Oleh: Samsul Zakaria
Bagaimana perasaan kita ketika mengunjungi kebun yang rindang nun
asri? Tentu, suasana kebun tersebut menghadirkan kebahagiaan tersendiri dalam
kalbu. Sebagai insan beragama, selaiknya –dalam situasi tersebut– kita
mengucapkan tahmīd (subhanallāh) kepada Allah Yang Maha Kuasa.
Kebun yang ada di hadapan kita adalah visualisasi keindahan (jamaliyah)
Tuhan di alam semesta.
Berbicara masalah kebun, penulis teringat kampung halaman.
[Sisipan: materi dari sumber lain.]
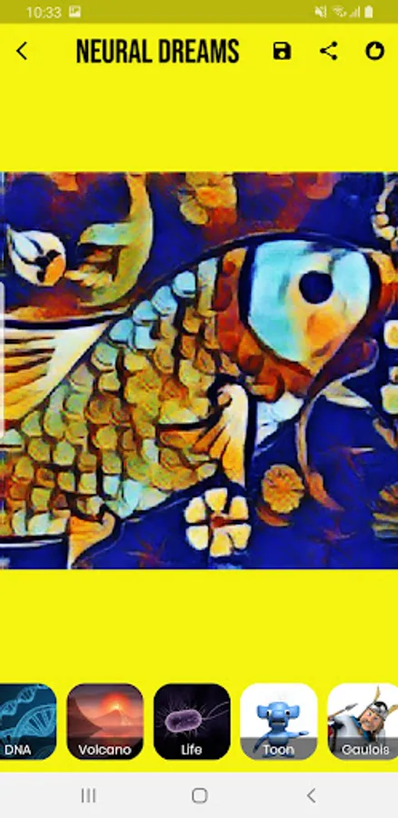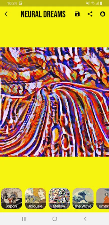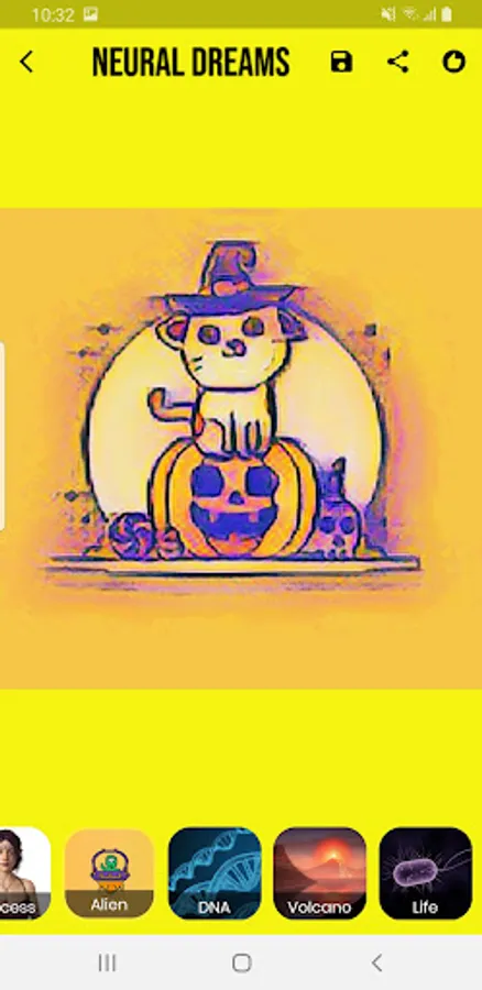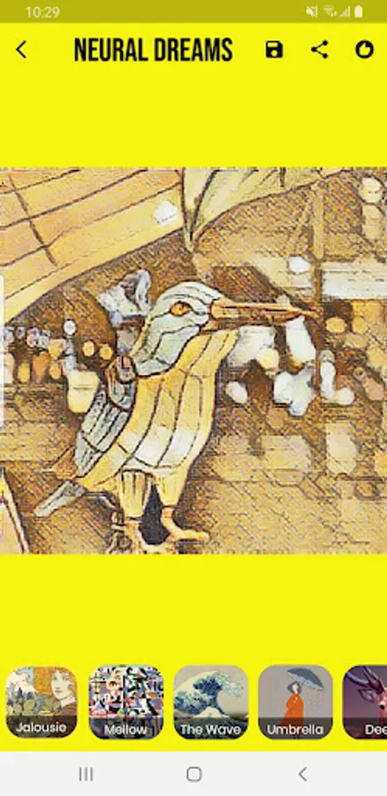 Using Neural Dreams app is free and let's you create digital effects without watermarks. The filters can generate awesome NFT masterpieces and make your work stand out. Convert base art images or photos to new creations in one tap.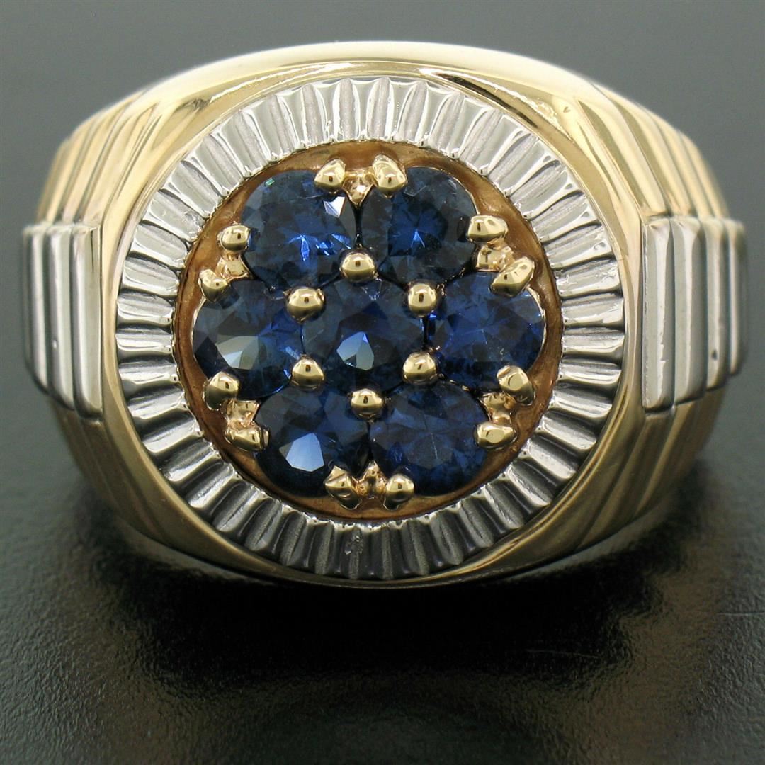 One QUALITY Men's 14k Two Tone Gold 2.50ctw Round Sapphire Cluster Ribbed Band Ring. Item Details: Material: 14K Solid Yellow and White Gold, Weight: 21.01 Grams, Stone(s): (7) Natural Genuine Sapphires - Round Brilliant Cut - Prong Set - Rich Royal Blue Color, Total Carat Weight: 2.50 (approx.), Ring Size: 9.0, Ring Width: 18.40mm, Ring Height: 8.67mm rise off the finger, Condition: Like New!

Berkebun
adalah aktivitas harian para penduduk yang tinggal di desa penulis. Ketika
musim panen tiba, tidak sedikit pendatang datang: turut andil memanen ‘kopi’.
Itulah kondisi kebun di kampung penulis yang pastinya berbeda dengan ‘kebun abadi’.
‘Kebun abadi’ hanya bisa dipanen oleh empunya, tidak untuk yang lainnya.
Dunia diibaratkan sebagai ladang –mungkin juga maksudnya ‘kebun’– untuk
menanam bekal. Bekal itu yang kemudian menjadi ‘persediaan’ ketika kita hidup
di alam yang kekal alias abadi. Kebaikan yang terus kita tanam maka
kebaikan pula yang akan kita petik. Jika sebaliknya, maka ‘petaka’ yang akan
kita tuai nantinya. Ringkasnya, ‘keadaan’ kebun dunia adalah miniatur ‘keadaan’
kebun akhirat.
Orang Jawa memisalkan kehidupan sebagaimana pulangnya seseorang dari
pasar. Dunia penuh dengan kesementaraan. Durasi waktu yang sekarang (mungkin) terasa
–begitu– lama, sesungguhnya tidak ada apa-apanya jika dibandingkan dengan
kehidupan di ‘kebun abadi’ nantinya. Namun, ternyata kita masih sering terlena
dalam kesementaraan ini.
Kebun adalah tempat dimana para petani bercocok tanam. Berdasarkan
pemahaman ini, kita laksana ‘para petani’ yang bebas menanami kebunnya
masing-masing. Tidak ada aturan yang sifatnya memaksa dalam hal penanaman.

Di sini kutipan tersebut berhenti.